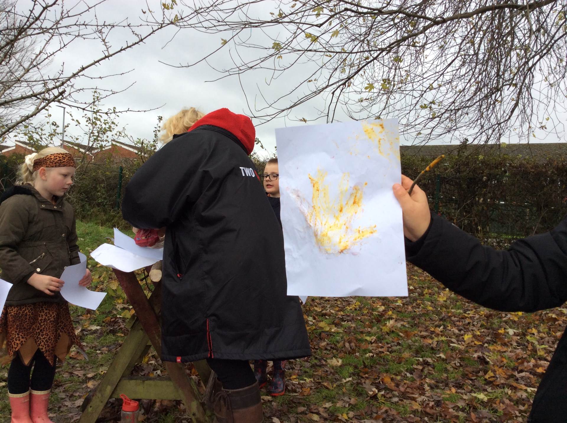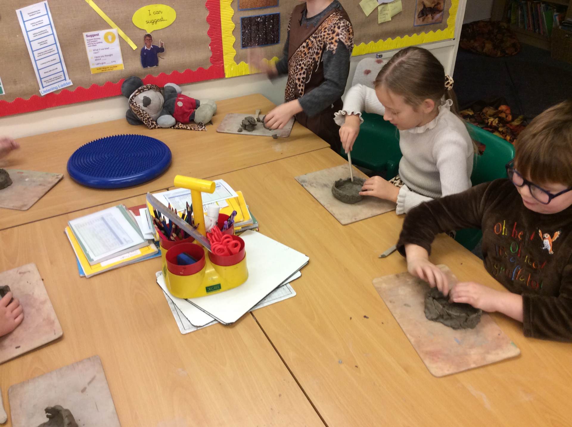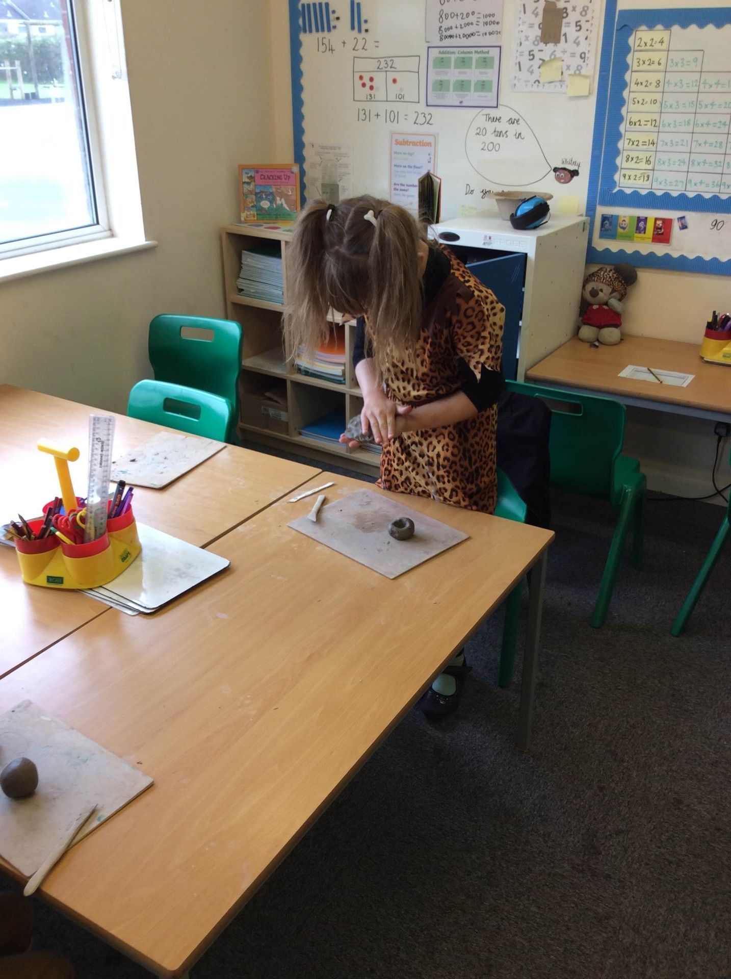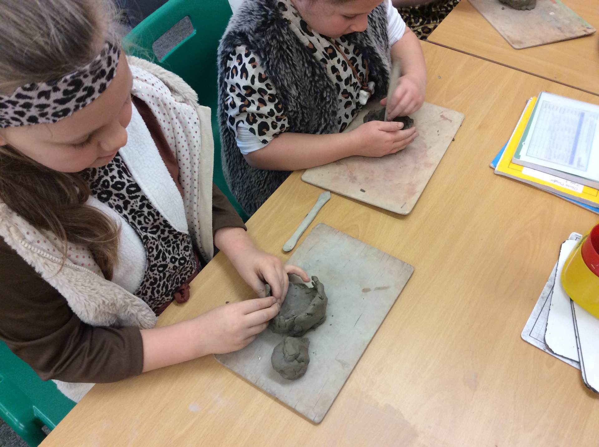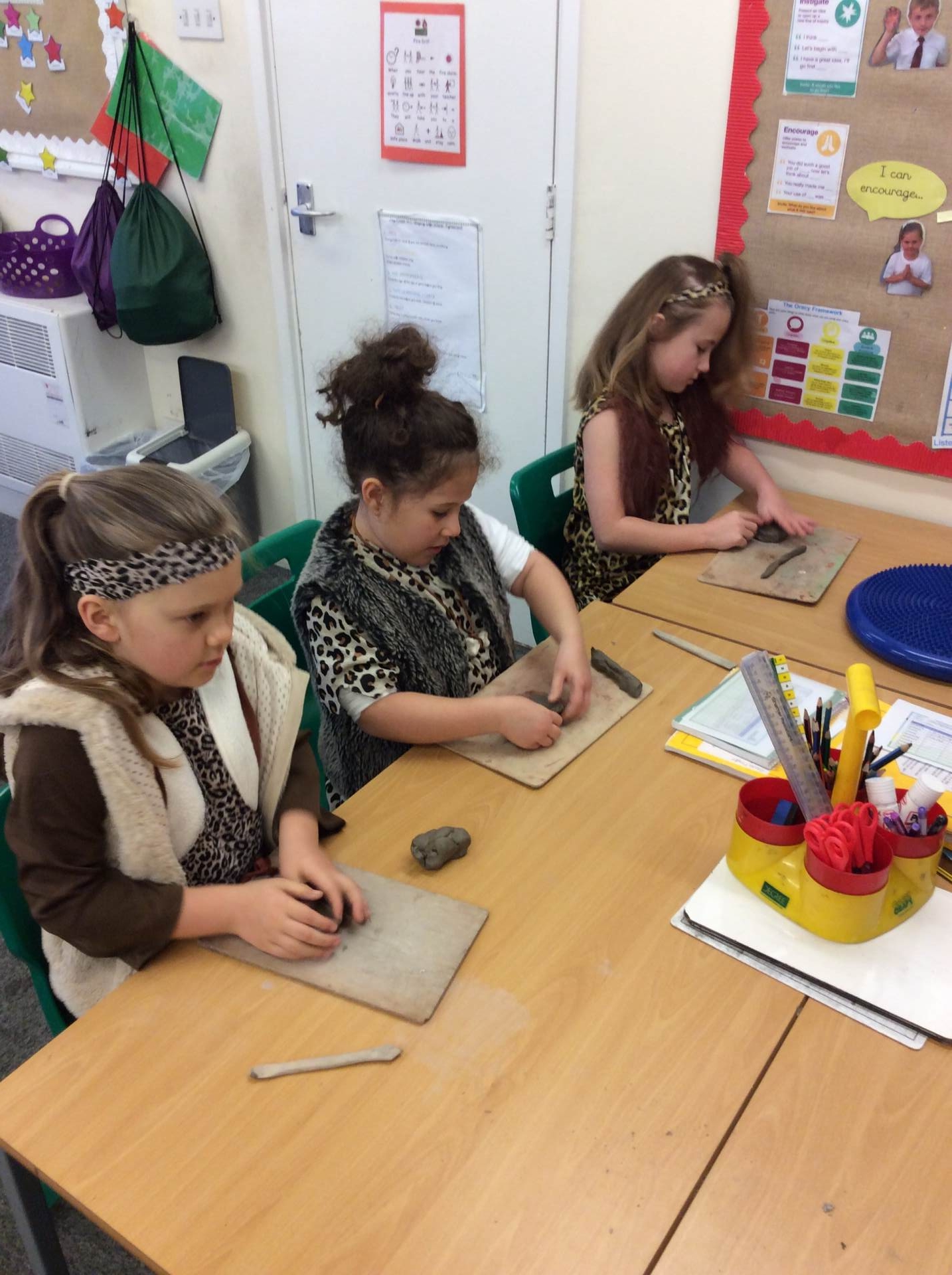Today we spent the day as Stone Age people dressed in costume and experiencing life like they would have done 3 million years ago. In the morning, we used natural materials to create paintings, made sparks for a fire using flint stones and crafted clay pots. Because it was so cold outside, we had to have hot chocolate and marshmallows to warm us up when we came back inside! During the afternoon, we pretended we were inside a cave by going under the tables and drawing on the 'cave roof', we also made a fruit stew-it tasted delicious. Next week, we will be writing the instructions for how to make fruit stew in our English lessons.
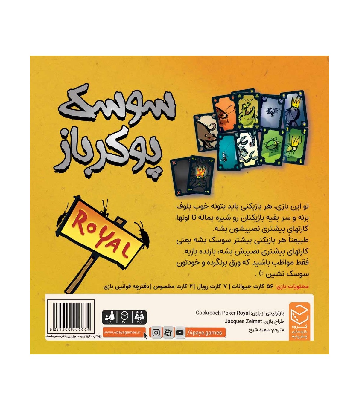 سوسک پوکر رویال، یه بازی کارتی پر از فریب و بلوفه که باید حسابی زرنگ باشی تا بازنده نشی! 🃏🪳 توی این بازی، هر بازیکن باید سعی کنه کارت‌ها رو به بقیه تحمیل کنه و اون‌ها رو مجبور کنه کارت‌های بیشتری جمع کنن. هر کی بیشتر کارت جمع کنه، بازنده‌ی بازیه! پس هدف اینه که با بلوف زدن و زرنگی، بقیه رو گیر بندازی و خودت کمتر کارت جمع کنی. 😏🔥 برای شروع بازی، کارت‌ها رو خوب بُر می‌زنیم و به هر بازیکن به طور مساوی کارت می‌دیم. یه دسته کارت ویژه هم وسط میز قرار می‌گیره که کارت بالاش رو می‌کنیم. بازی با جوان‌ترین بازیکن شروع می‌شه و اون باید یه کارت از دستش رو به پشت به بازیکن دیگه بده و یه ادعا بکنه. مثلاً می‌تونه بگه: “این کارت یه سوسکه!” یا “این کارت یه قورباغه‌ست!” 🐸🪳 بازیکنی که کارت رو دریافت می‌کنه، دو تا انتخاب داره: یا ادعای طرف رو باور کنه و کارت رو نگه داره، یا شک کنه و کارت رو برگردونه. اگه ادعا درست باشه، کارت برای خودِ بازیکنه و اگه اشتباه باشه، کارت برای کسیه که ادعا کرده. اینجوری بازی ادامه پیدا می‌کنه تا یه بازیکن مجبور بشه چهار کارت از یه نوع حیوان جمع کنه و بازنده بشه! 😱🎴 این بازی پر از لحظات خنده‌دار و تنش‌انگیزه، چون هرکی می‌تونه با یه بلوف ماهرانه، بازی رو به نفع خودش تغییر بده. آماده‌ای زرنگ باشی و بقیه رو گیر بندازی؟ 😎🃏
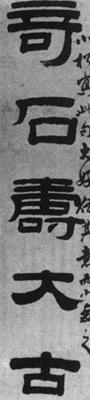 【简介】: 淸·桂馥书。纸本。隷书。凡上下联共十字,款二十一字,共三十一字。刊于日本《书道全集》(二十四)。
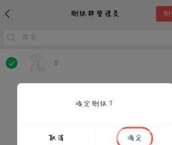 5、进入删除群组管理员页面后,勾选需要删除的管理员,点击右上角【删除】;
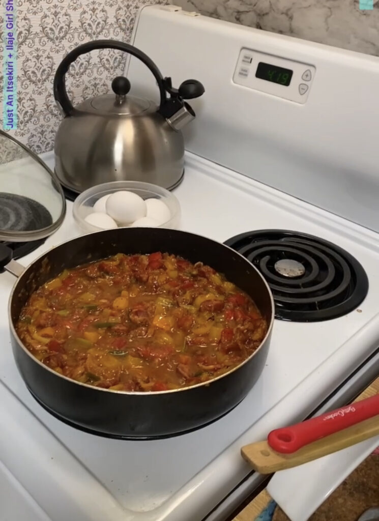- NOTE: (If you won't finish the sauce in one day, since eggs isn't the best candidate for reheating lol then, I will suggest dividing it at this point, serve some away in a bowl and save in the fridge or freezer for later/another day and when ready to eat, heat it in a pan on low to medium heat and once it is hot, break in eggs, cover and allow to poach.)
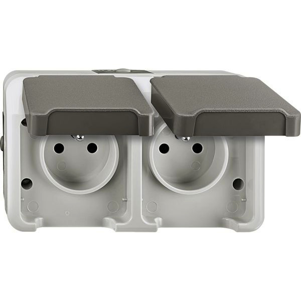 | Kurzbeschreibung | Doppelsteckdose mit Schutzkontaktstift und Berührungsschutz, lichtgrau, AQUASTAR |
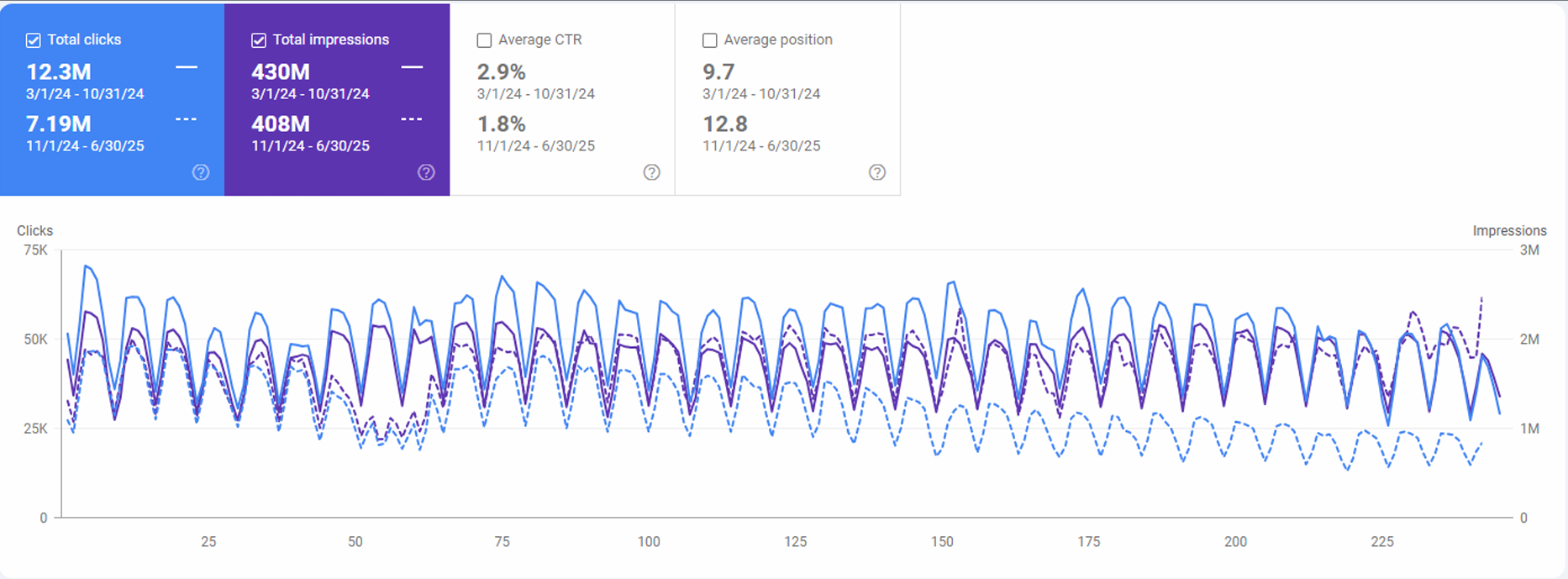 Over 16 months of analysis (March 2024 – June 2025), the site accumulated 19.4M total clicks and 840M impressions from organic search—demonstrating enormous scale and equally enormous optimization opportunity.
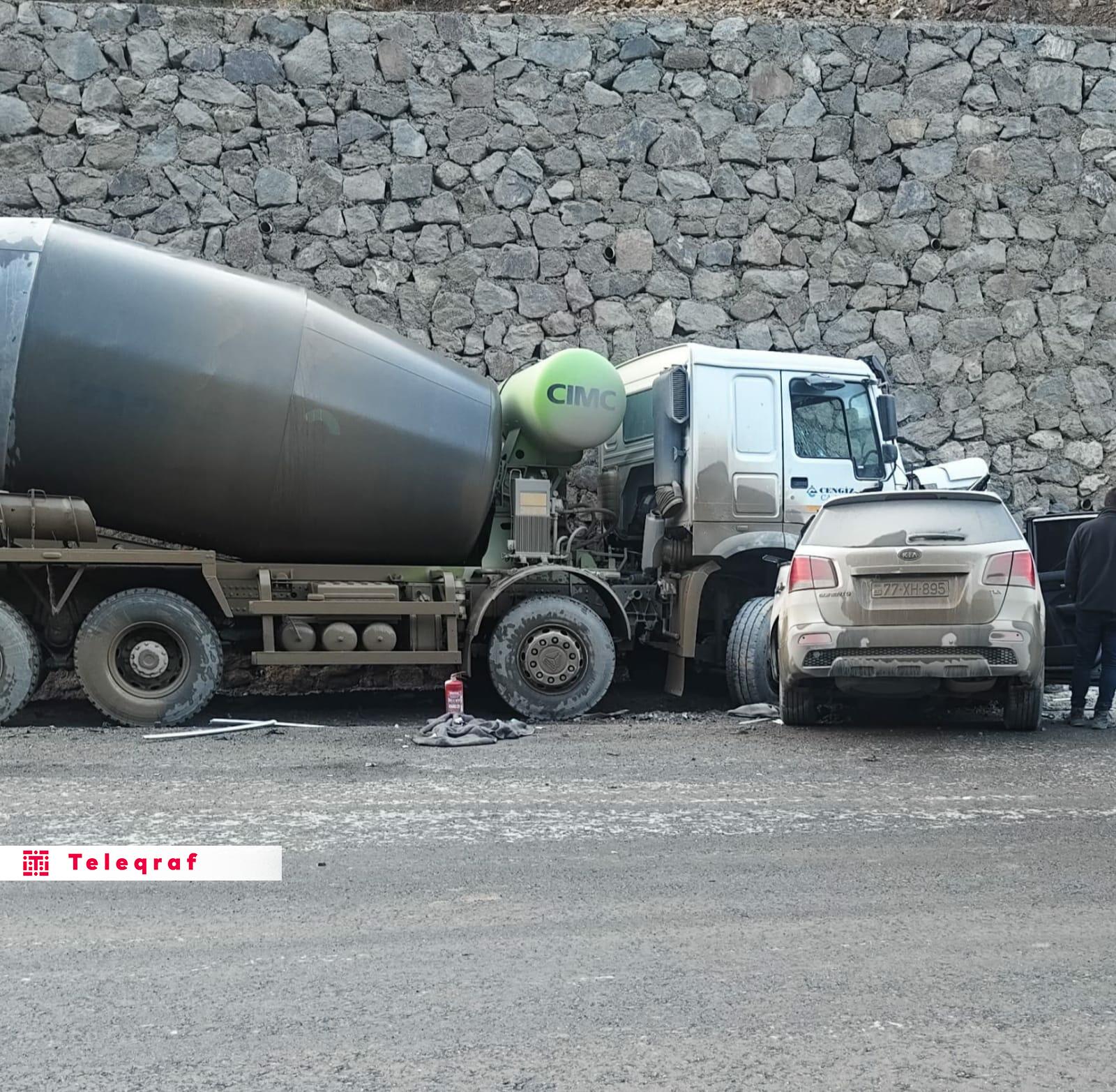 Teleqraf-ın yerli bürosu xəbər verir ki, "KİA" markalı avtomobil beton qarışdıran avtomobillə toqquşub.
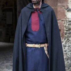 This cloak with hood keeps you warm during all types of cold and bad weather. Cloaks like this were worn during the High and Late Middle Ages.
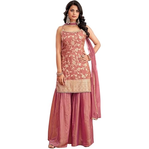 4656 reviews for Xomantic Fashion Womens Purple Color Banarasi Silk Kurta Sharara Set
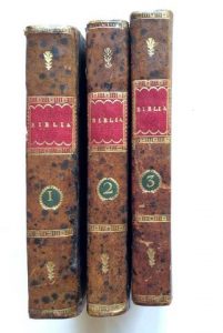 BIBLE LATINE DE YOLANDE BONHOMME. Biblia sacra, integrum utriusque testamenti corpus complectens... Thielman Kerver (Paris, 19 septembre 1549). 3 volumes petit in-4°, pleine basane racinée fin XVIIIème. (20 feuillets), 520 feuillets, (30...

**Exercise brief:** Keep to the lines above from the line with "Over 16 months" to the line with "4656 reviews for", and set down exactly those, inclusive, with nothing else and every picture left out.

**Exercise solution:**
 Over 16 months of analysis (March 2024 – June 2025), the site accumulated 19.4M total clicks and 840M impressions from organic search—demonstrating enormous scale and equally enormous optimization opportunity.
 Teleqraf-ın yerli bürosu xəbər verir ki, "KİA" markalı avtomobil beton qarışdıran avtomobillə toqquşub.
 This cloak with hood keeps you warm during all types of cold and bad weather. Cloaks like this were worn during the High and Late Middle Ages.
 4656 reviews for Xomantic Fashion Womens Purple Color Banarasi Silk Kurta Sharara Set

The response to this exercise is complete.